SELECT '{"bar": "baz", "balance": 7.77, "active": false}'::json;

-- An array or object nested in each other
SELECT '{"foo": [true, "bar"], "tags": {"a": 1, "b": null}}'::json;

The preceding JSON values can all be converted into JSON-B values. Example:

-- A simple scalar or value in the JSON-B format
SELECT '5'::jsonb;

JSON operators

The following table describes the operators available for use with JSON and JSON-B data types.

Operator Right operand type Description Example Result
-> int Obtains a JSON array element indexed from zero. '[{"a":"foo"}, {"b":"bar"}, {"c":"baz"}]'::json->2 {"c":"baz"}
-> text Obtains a JSON object field based on a key. '{"a": {"b":"foo"}}'::json->'a' {"b":"foo"}
->> int Obtains a JSON array element as text. '[1,2,3]'::json->>2 3
->> text Obtains a JSON object field as text. '{"a":1,"b":2}'::json->>'b' 2
#> text[] Obtains a JSON object from a specified path. '{"a": {"b":{"c": "foo"}}}'::json#>'{a,b}' {"c": "foo"}
#>> text[] Obtains a JSON object as text from a specified path. '{"a":[1,2,3], "b":[4,5,6]}'::json#>>'{a,2}' 3

The following table describes the operators available for use with JSON-B data types.

JSON-B operators

The following table describes the operators available for use with JSON-B data types.
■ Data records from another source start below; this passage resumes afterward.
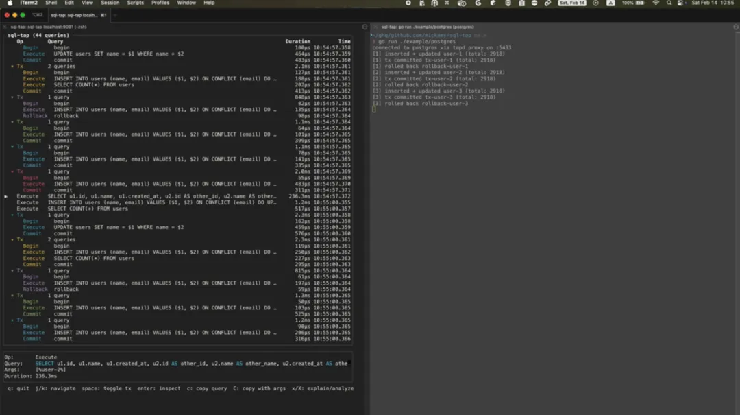 sql-tap的使用体验非常友好,提供了多种安装方式,比如用 Homebrew、Go 安装、下载二进制文件或者 Docker 运行。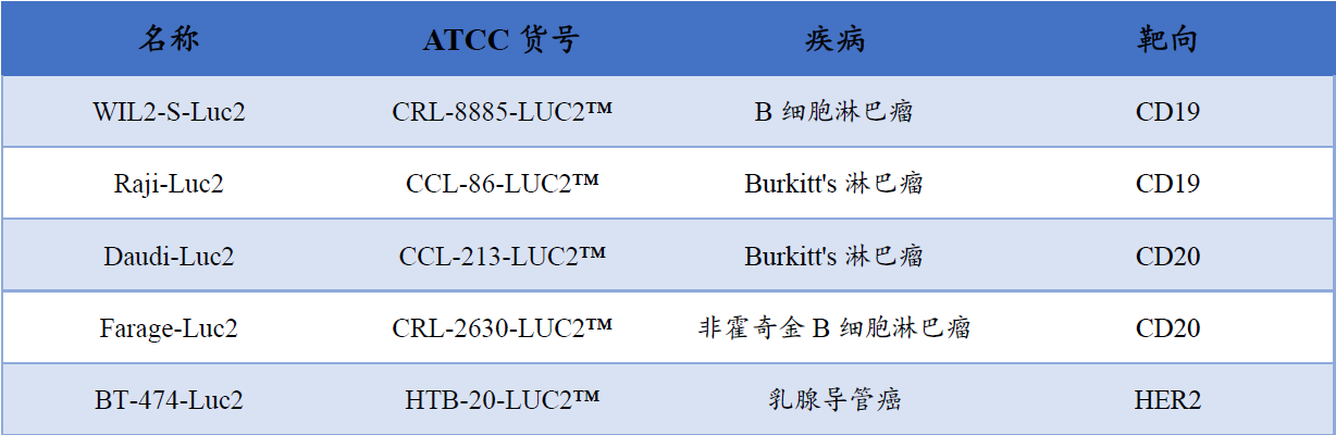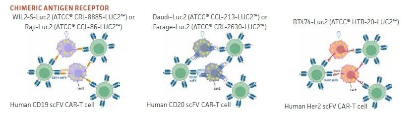 目前,ATCCT推出的CAR-T靶向荧光素酶报告细胞产品如下: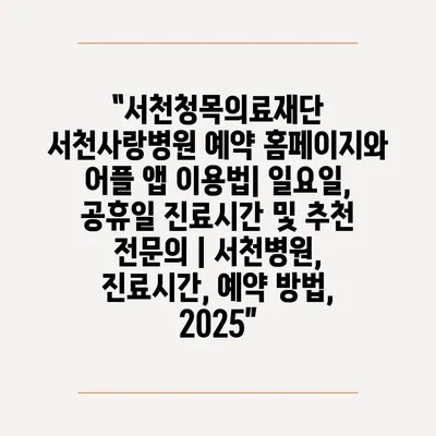 “서천청목의료재단 서천사랑병원 예약 홈페이지와 어플 앱 이용법| 일요일, 공휴일 진료시간 및 추천 전연락 | 서천병원, 진료시간, 예약 방법, 2025”에 대해 자주 묻는 질문 TOP 5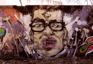 Mateo Diaz AKA “CKN” (Chicken) Mural, Retrato de Mateo Diaz, AKA “CKN” DJ de Dubstep y amigo. Ciudad Universitaria, Córdoba, Argentina 2013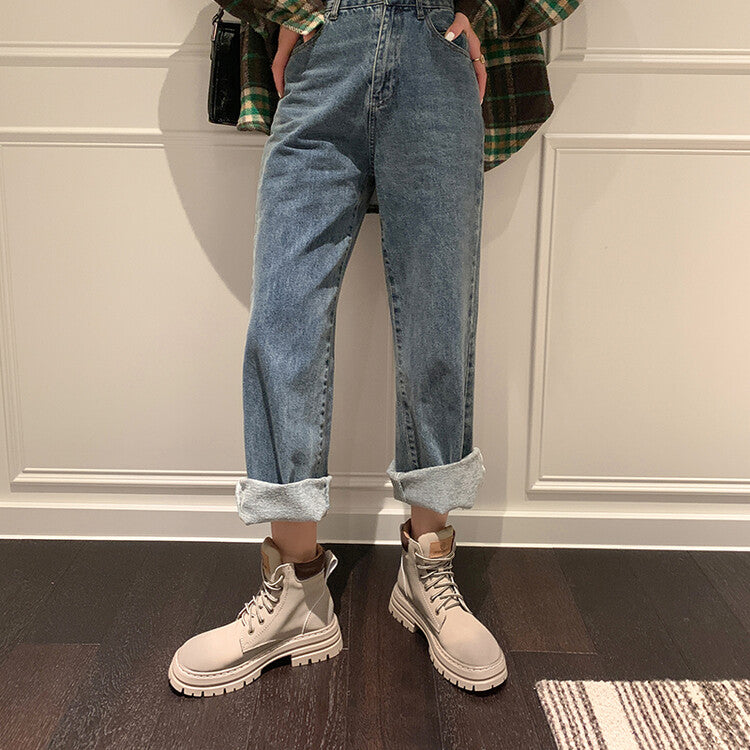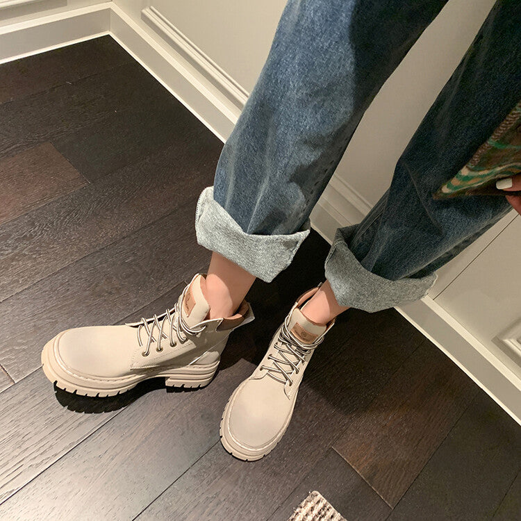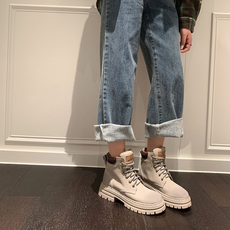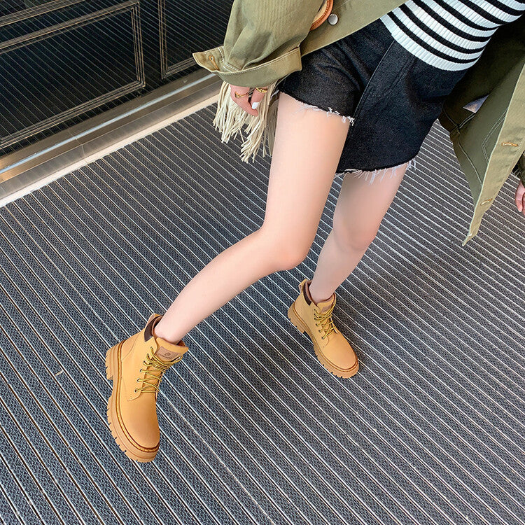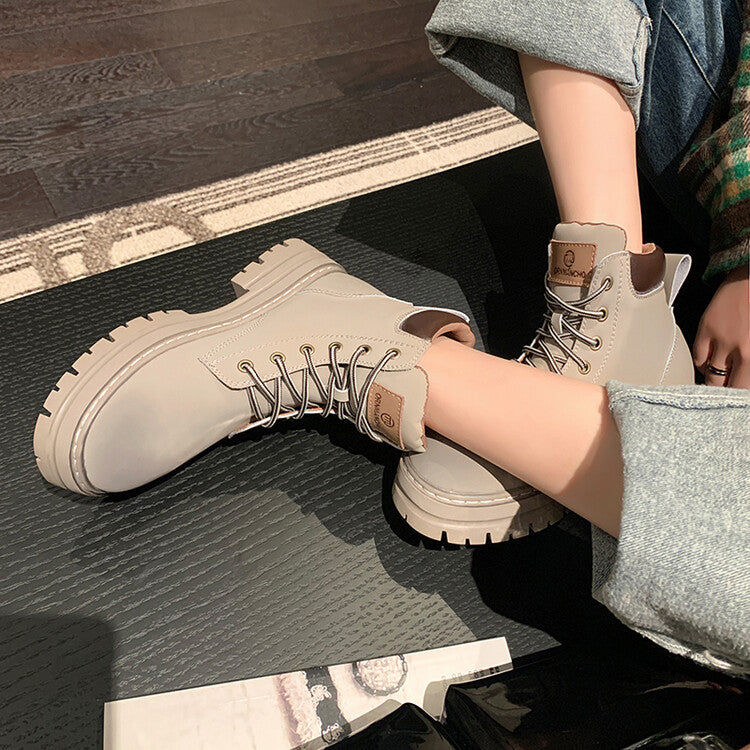 Balletcat воловьей кожи шнуровка рабочая одежда модные личности высота увеличить удобные модные тенденции сто теплый короткий мартин сапоги 5 см женщина

Operator Right operand type Description Example
= jsonb Specifies whether two JSON values are the same. '[1,2]'::jsonb= '[1,2]'::jsonb
@> jsonb Specifies whether the left JSON value contains the right JSON value. '{"a":1, "b":2}'::jsonb @> '{"b":2}'::jsonb
<@ jsonb Specifies whether the left JSON value is contained within the right JSON value. '{"b":2}'::jsonb <@ '{"a":1, "b":2}'::jsonb
? text Specifies whether the string exists as a key or as a string within the JSON value '{"a":1, "b":2}'::jsonb ? 'b'
? | text[] Specifies whether any of the right array strings exist as keys or as strings within the JSON value. '{"a":1, "b":2, "c":3}'::jsonb ? | array['b', 'c']
? & text[] Specifies whether all of the right array strings exist as keys or as strings within the JSON value. '["a", "b"]'::jsonb ? & array['a', 'b']

JSON creation functions

The following table describes the functions used to create JSON values.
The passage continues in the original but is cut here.